The interaction between these different biophysical systems showed heterogeneous influences on the spatio-temporal distribution of VHC ratios. In the spatial analysis, 12 variables were associated with the distribution of VHC ratios, and NFWL showed the highest prediction gain (R2 = 81.62). Although NFWL has not been sampled extensively during our study (1), to complete our objective, this variable needs to be highlighted rigorously in a separate investigation. Seasonal precipitation- and annual temperature-related variables shared reduced significant associations with VHC ratios. The average likelihood of predicting very high risk areas was ~107 km2, which is ~9.87% of the total area of NOLA. Although neither the temporal distribution of VHC ratios nor their estimates were significantly changed from month-to-month (except during September), their monthly response showed resilience to the number and type of the influential factors. The highest VHC ratio was reported during September, which was associated with the peak positive WNV mosquito pools. Seasonal temperature-related variables showed the highest influence on monthly likelihood of VHC in comparison with seasonal precipitation, LULC and DEM variables. This finding was confirmed by both RM (R2 = 58.49) and Jackknife’s test (88.5%). The influence of LULC on likelihood of VHC was demonstrated during May–August. The NFWL showed a positive association with the increased VHC ratio during May, with no positive WNV mosquito pools. Meanwhile, both OUBL and RU settings were associated with the onset of mosquito WNV infection rates during June. This may reflect the distribution of WNV vector in close vicinity to reservoir host(s) during May, during the virus amplification phase, and the virus beginning to build up inside mosquito bodies during June–August. During September–December, reduced numbers of positive WNV mosquito pools were recorded, which may explain the reduced viremia in wild Cx. quinquefasciatus.

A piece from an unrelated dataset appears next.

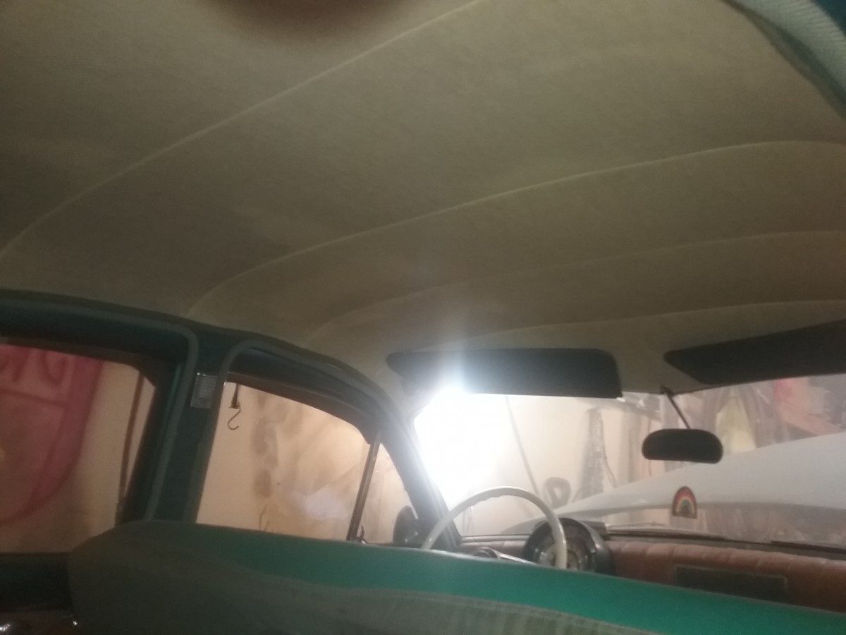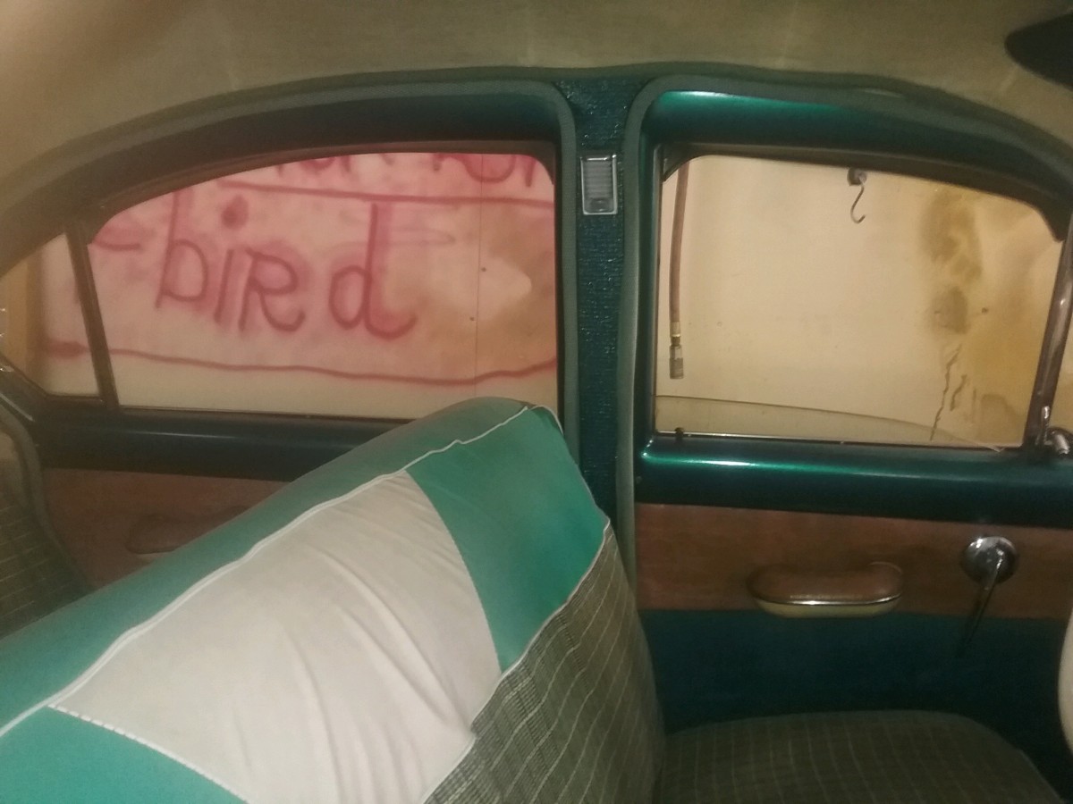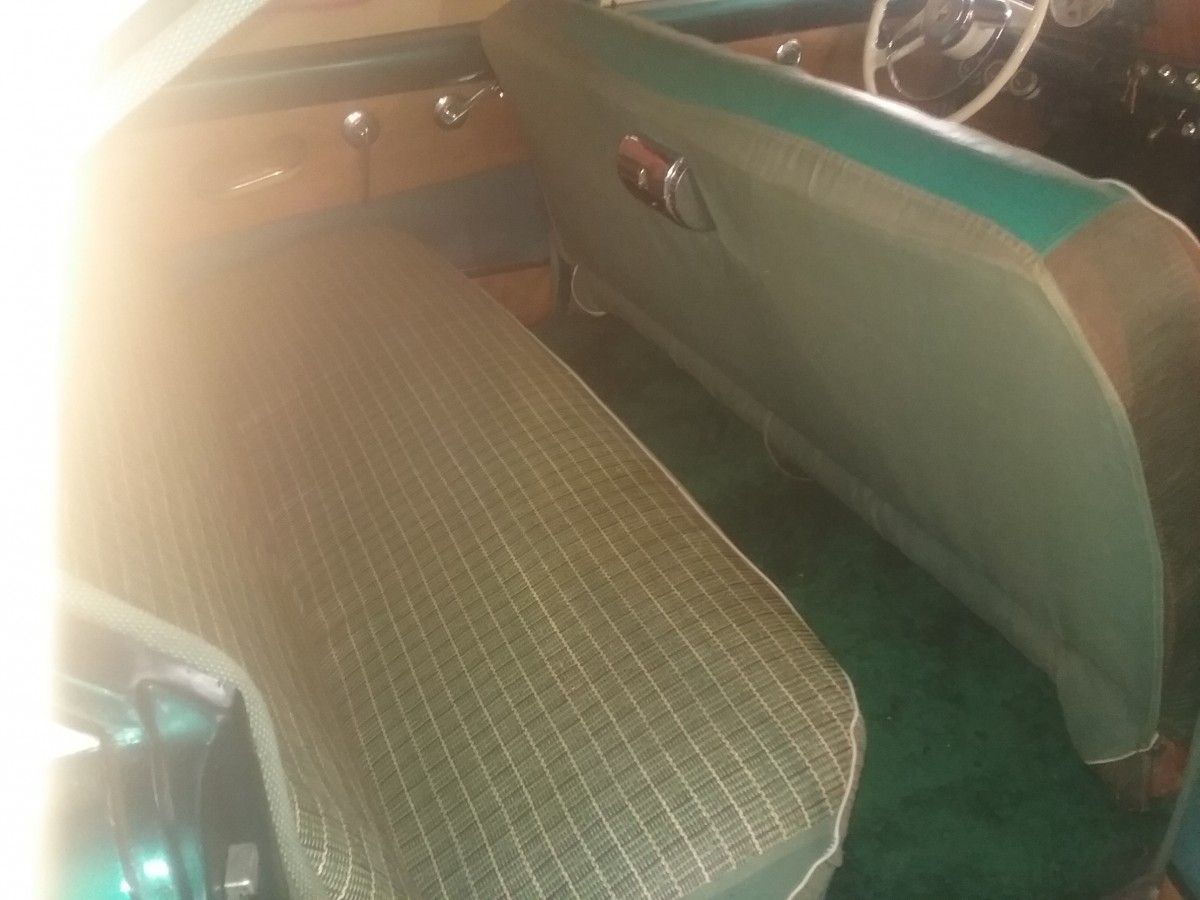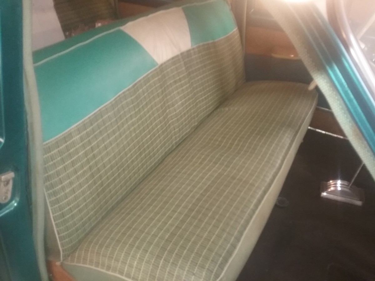Those appear to be period seat covers, which have often been known to conceal showroom-new original upholstery! Might be worthwhile to clean the car, and take it outdoors for some decent photos – it could be a really nice car, but it’s hard to tell.
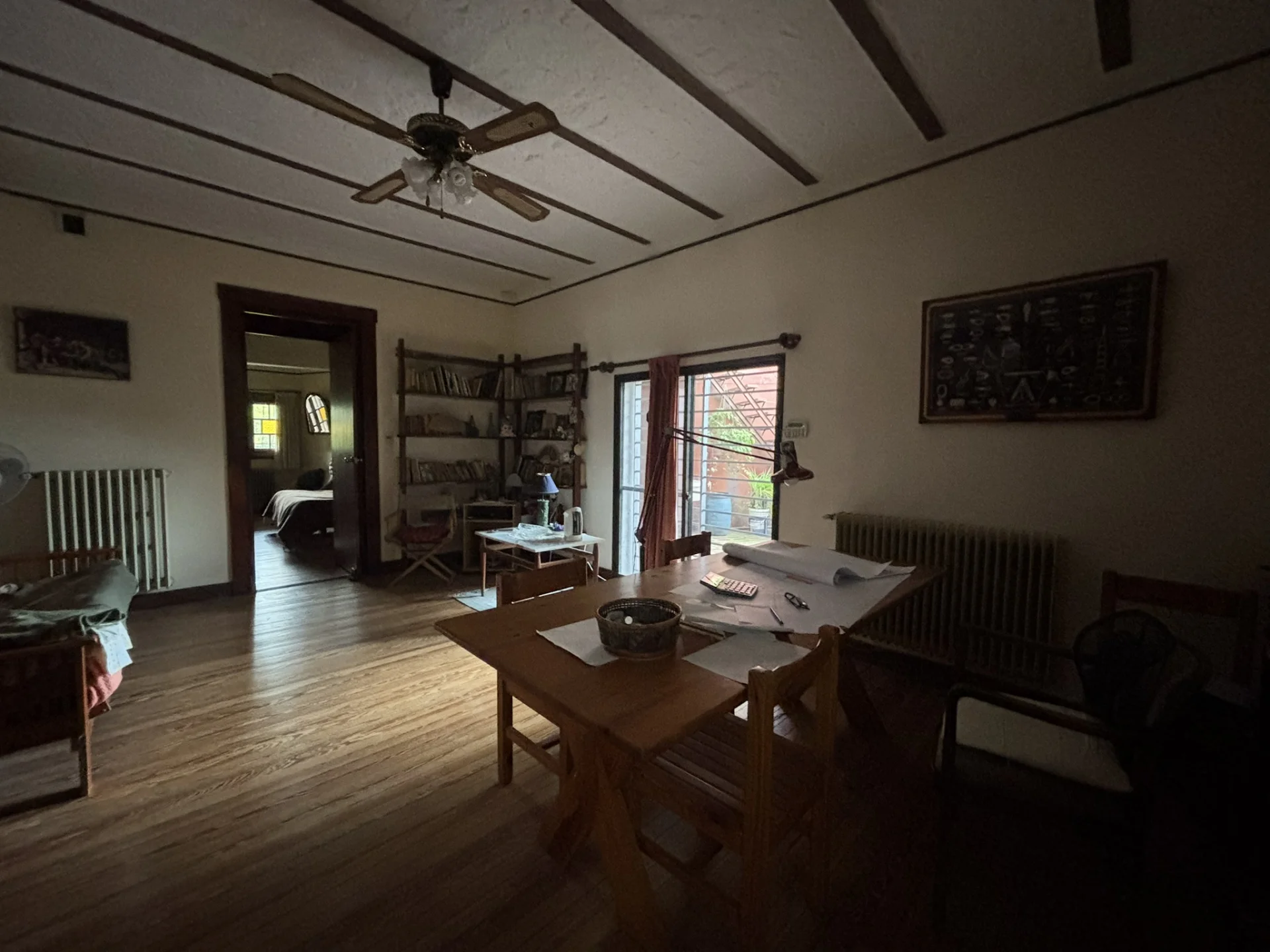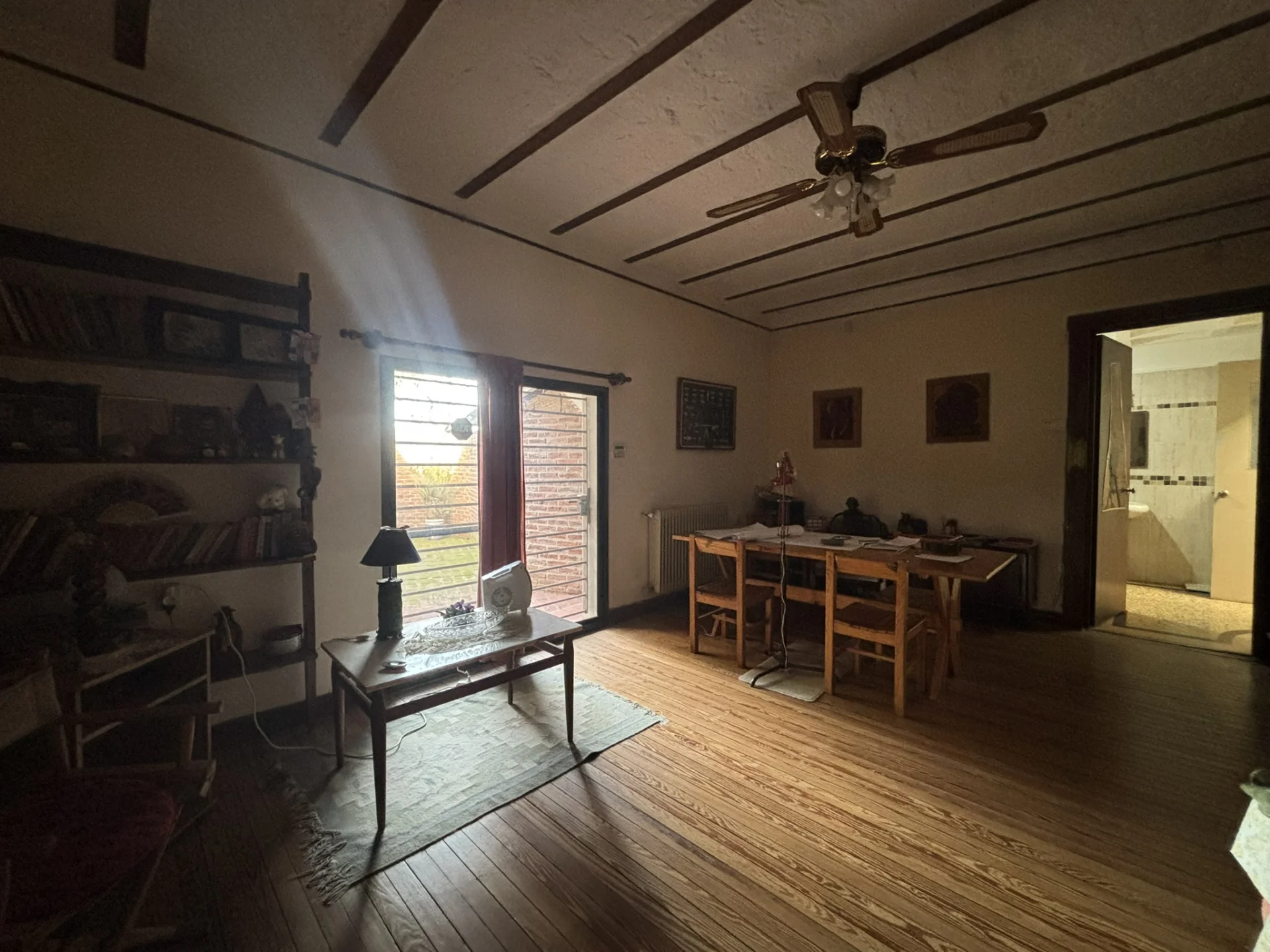 En 1 nivel. Living y comedor, cocina, 1 dormitorio c/placard y 1 habitación amplia de trabajo (puede ser otro dormitorio), baño completo con doble entrada. Patio con lavadero y acceso a azotea. Jardín al frente. Galería techada con parrillero.

The independent field collected sampling points were consistent with both likelihood of VHC ratios and spatio-temporal distribution of increased VHC ratios. However, multi-year mosquito, spatial projections of LULC and human population census data are recommended to be included in further investigations. Moreover, due to data limitation of reservoir host(s), human cases, mosquito vector survival rates, vector capacity parameters, and gonotrophic periods, we did not have the chance to include these variables in our study.